## Assigned task
Return all of the records exactly.

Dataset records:
Start of Block

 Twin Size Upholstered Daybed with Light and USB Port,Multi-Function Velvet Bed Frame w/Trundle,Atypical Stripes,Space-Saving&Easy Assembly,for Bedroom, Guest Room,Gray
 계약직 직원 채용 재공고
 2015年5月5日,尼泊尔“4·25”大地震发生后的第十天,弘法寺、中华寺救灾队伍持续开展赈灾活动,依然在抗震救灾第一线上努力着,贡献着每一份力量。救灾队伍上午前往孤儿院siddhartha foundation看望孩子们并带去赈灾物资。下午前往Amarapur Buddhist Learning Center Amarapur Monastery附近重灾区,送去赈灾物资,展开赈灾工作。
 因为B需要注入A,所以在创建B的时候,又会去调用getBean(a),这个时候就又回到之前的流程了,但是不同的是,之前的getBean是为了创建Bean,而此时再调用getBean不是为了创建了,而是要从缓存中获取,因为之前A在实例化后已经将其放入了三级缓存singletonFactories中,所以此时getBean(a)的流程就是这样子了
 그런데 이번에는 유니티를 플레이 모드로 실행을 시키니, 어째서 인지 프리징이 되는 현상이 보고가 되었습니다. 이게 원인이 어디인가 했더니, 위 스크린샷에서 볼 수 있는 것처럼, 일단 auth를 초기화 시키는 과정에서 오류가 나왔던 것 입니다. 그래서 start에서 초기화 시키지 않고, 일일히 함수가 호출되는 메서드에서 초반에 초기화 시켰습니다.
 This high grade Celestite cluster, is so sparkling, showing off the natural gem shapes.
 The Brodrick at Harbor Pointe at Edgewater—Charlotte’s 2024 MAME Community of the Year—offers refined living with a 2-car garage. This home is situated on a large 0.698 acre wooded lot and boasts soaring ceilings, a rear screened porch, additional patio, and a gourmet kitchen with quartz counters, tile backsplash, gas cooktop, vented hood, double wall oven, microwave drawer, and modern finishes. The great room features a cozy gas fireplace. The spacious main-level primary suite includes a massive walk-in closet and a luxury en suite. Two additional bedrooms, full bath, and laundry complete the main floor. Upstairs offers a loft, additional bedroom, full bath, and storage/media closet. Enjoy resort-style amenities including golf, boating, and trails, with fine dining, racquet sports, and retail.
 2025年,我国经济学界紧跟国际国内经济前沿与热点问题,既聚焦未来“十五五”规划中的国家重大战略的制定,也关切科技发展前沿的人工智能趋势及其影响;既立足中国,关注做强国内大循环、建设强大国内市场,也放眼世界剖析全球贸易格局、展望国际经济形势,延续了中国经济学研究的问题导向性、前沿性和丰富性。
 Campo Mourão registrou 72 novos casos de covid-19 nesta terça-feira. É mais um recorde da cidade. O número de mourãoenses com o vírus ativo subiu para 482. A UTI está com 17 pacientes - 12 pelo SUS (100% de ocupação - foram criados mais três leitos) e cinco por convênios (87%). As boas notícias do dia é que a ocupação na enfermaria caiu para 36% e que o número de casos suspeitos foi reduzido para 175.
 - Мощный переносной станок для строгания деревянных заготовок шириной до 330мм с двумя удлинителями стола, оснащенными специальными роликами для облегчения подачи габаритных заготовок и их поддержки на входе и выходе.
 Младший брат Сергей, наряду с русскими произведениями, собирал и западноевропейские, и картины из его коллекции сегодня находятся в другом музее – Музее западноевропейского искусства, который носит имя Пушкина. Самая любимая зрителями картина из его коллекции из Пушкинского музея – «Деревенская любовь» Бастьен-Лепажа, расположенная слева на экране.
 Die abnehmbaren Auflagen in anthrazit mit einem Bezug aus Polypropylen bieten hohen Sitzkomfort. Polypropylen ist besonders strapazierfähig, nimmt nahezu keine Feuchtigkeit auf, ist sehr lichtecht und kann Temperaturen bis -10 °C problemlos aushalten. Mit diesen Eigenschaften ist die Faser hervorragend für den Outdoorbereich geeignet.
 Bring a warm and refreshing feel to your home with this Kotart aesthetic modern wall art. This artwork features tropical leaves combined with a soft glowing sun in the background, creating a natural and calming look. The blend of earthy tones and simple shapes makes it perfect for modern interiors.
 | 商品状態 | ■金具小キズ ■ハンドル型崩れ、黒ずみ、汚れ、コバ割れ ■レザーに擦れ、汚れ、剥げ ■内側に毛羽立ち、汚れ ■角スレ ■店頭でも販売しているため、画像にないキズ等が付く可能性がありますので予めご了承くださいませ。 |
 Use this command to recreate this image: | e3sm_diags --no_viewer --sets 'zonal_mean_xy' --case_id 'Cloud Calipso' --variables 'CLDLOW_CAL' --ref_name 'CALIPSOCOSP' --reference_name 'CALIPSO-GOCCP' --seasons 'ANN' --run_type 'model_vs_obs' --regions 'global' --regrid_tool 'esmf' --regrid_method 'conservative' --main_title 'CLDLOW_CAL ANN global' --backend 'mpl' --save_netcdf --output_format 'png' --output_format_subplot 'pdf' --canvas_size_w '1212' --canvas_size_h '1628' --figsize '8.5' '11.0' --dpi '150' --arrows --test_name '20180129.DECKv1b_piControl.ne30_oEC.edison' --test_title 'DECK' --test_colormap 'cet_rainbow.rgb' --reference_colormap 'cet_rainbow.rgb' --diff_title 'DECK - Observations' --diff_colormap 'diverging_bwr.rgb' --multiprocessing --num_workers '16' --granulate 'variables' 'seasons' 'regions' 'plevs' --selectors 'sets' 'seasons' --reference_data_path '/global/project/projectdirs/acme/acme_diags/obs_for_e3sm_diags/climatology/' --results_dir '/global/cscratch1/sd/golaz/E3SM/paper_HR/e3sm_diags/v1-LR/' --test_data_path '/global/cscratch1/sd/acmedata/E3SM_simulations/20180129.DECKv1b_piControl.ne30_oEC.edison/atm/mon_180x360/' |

End of Block

## Exercise solution
 Twin Size Upholstered Daybed with Light and USB Port,Multi-Function Velvet Bed Frame w/Trundle,Atypical Stripes,Space-Saving&Easy Assembly,for Bedroom, Guest Room,Gray
 계약직 직원 채용 재공고
 2015年5月5日,尼泊尔“4·25”大地震发生后的第十天,弘法寺、中华寺救灾队伍持续开展赈灾活动,依然在抗震救灾第一线上努力着,贡献着每一份力量。救灾队伍上午前往孤儿院siddhartha foundation看望孩子们并带去赈灾物资。下午前往Amarapur Buddhist Learning Center Amarapur Monastery附近重灾区,送去赈灾物资,展开赈灾工作。
 因为B需要注入A,所以在创建B的时候,又会去调用getBean(a),这个时候就又回到之前的流程了,但是不同的是,之前的getBean是为了创建Bean,而此时再调用getBean不是为了创建了,而是要从缓存中获取,因为之前A在实例化后已经将其放入了三级缓存singletonFactories中,所以此时getBean(a)的流程就是这样子了
 그런데 이번에는 유니티를 플레이 모드로 실행을 시키니, 어째서 인지 프리징이 되는 현상이 보고가 되었습니다. 이게 원인이 어디인가 했더니, 위 스크린샷에서 볼 수 있는 것처럼, 일단 auth를 초기화 시키는 과정에서 오류가 나왔던 것 입니다. 그래서 start에서 초기화 시키지 않고, 일일히 함수가 호출되는 메서드에서 초반에 초기화 시켰습니다.
 This high grade Celestite cluster, is so sparkling, showing off the natural gem shapes.
 The Brodrick at Harbor Pointe at Edgewater—Charlotte’s 2024 MAME Community of the Year—offers refined living with a 2-car garage. This home is situated on a large 0.698 acre wooded lot and boasts soaring ceilings, a rear screened porch, additional patio, and a gourmet kitchen with quartz counters, tile backsplash, gas cooktop, vented hood, double wall oven, microwave drawer, and modern finishes. The great room features a cozy gas fireplace. The spacious main-level primary suite includes a massive walk-in closet and a luxury en suite. Two additional bedrooms, full bath, and laundry complete the main floor. Upstairs offers a loft, additional bedroom, full bath, and storage/media closet. Enjoy resort-style amenities including golf, boating, and trails, with fine dining, racquet sports, and retail.
 2025年,我国经济学界紧跟国际国内经济前沿与热点问题,既聚焦未来“十五五”规划中的国家重大战略的制定,也关切科技发展前沿的人工智能趋势及其影响;既立足中国,关注做强国内大循环、建设强大国内市场,也放眼世界剖析全球贸易格局、展望国际经济形势,延续了中国经济学研究的问题导向性、前沿性和丰富性。
 Campo Mourão registrou 72 novos casos de covid-19 nesta terça-feira. É mais um recorde da cidade. O número de mourãoenses com o vírus ativo subiu para 482. A UTI está com 17 pacientes - 12 pelo SUS (100% de ocupação - foram criados mais três leitos) e cinco por convênios (87%). As boas notícias do dia é que a ocupação na enfermaria caiu para 36% e que o número de casos suspeitos foi reduzido para 175.
 - Мощный переносной станок для строгания деревянных заготовок шириной до 330мм с двумя удлинителями стола, оснащенными специальными роликами для облегчения подачи габаритных заготовок и их поддержки на входе и выходе.
 Младший брат Сергей, наряду с русскими произведениями, собирал и западноевропейские, и картины из его коллекции сегодня находятся в другом музее – Музее западноевропейского искусства, который носит имя Пушкина. Самая любимая зрителями картина из его коллекции из Пушкинского музея – «Деревенская любовь» Бастьен-Лепажа, расположенная слева на экране.
 Die abnehmbaren Auflagen in anthrazit mit einem Bezug aus Polypropylen bieten hohen Sitzkomfort. Polypropylen ist besonders strapazierfähig, nimmt nahezu keine Feuchtigkeit auf, ist sehr lichtecht und kann Temperaturen bis -10 °C problemlos aushalten. Mit diesen Eigenschaften ist die Faser hervorragend für den Outdoorbereich geeignet.
 Bring a warm and refreshing feel to your home with this Kotart aesthetic modern wall art. This artwork features tropical leaves combined with a soft glowing sun in the background, creating a natural and calming look. The blend of earthy tones and simple shapes makes it perfect for modern interiors.
 | 商品状態 | ■金具小キズ ■ハンドル型崩れ、黒ずみ、汚れ、コバ割れ ■レザーに擦れ、汚れ、剥げ ■内側に毛羽立ち、汚れ ■角スレ ■店頭でも販売しているため、画像にないキズ等が付く可能性がありますので予めご了承くださいませ。 |
 Use this command to recreate this image: | e3sm_diags --no_viewer --sets 'zonal_mean_xy' --case_id 'Cloud Calipso' --variables 'CLDLOW_CAL' --ref_name 'CALIPSOCOSP' --reference_name 'CALIPSO-GOCCP' --seasons 'ANN' --run_type 'model_vs_obs' --regions 'global' --regrid_tool 'esmf' --regrid_method 'conservative' --main_title 'CLDLOW_CAL ANN global' --backend 'mpl' --save_netcdf --output_format 'png' --output_format_subplot 'pdf' --canvas_size_w '1212' --canvas_size_h '1628' --figsize '8.5' '11.0' --dpi '150' --arrows --test_name '20180129.DECKv1b_piControl.ne30_oEC.edison' --test_title 'DECK' --test_colormap 'cet_rainbow.rgb' --reference_colormap 'cet_rainbow.rgb' --diff_title 'DECK - Observations' --diff_colormap 'diverging_bwr.rgb' --multiprocessing --num_workers '16' --granulate 'variables' 'seasons' 'regions' 'plevs' --selectors 'sets' 'seasons' --reference_data_path '/global/project/projectdirs/acme/acme_diags/obs_for_e3sm_diags/climatology/' --results_dir '/global/cscratch1/sd/golaz/E3SM/paper_HR/e3sm_diags/v1-LR/' --test_data_path '/global/cscratch1/sd/acmedata/E3SM_simulations/20180129.DECKv1b_piControl.ne30_oEC.edison/atm/mon_180x360/' |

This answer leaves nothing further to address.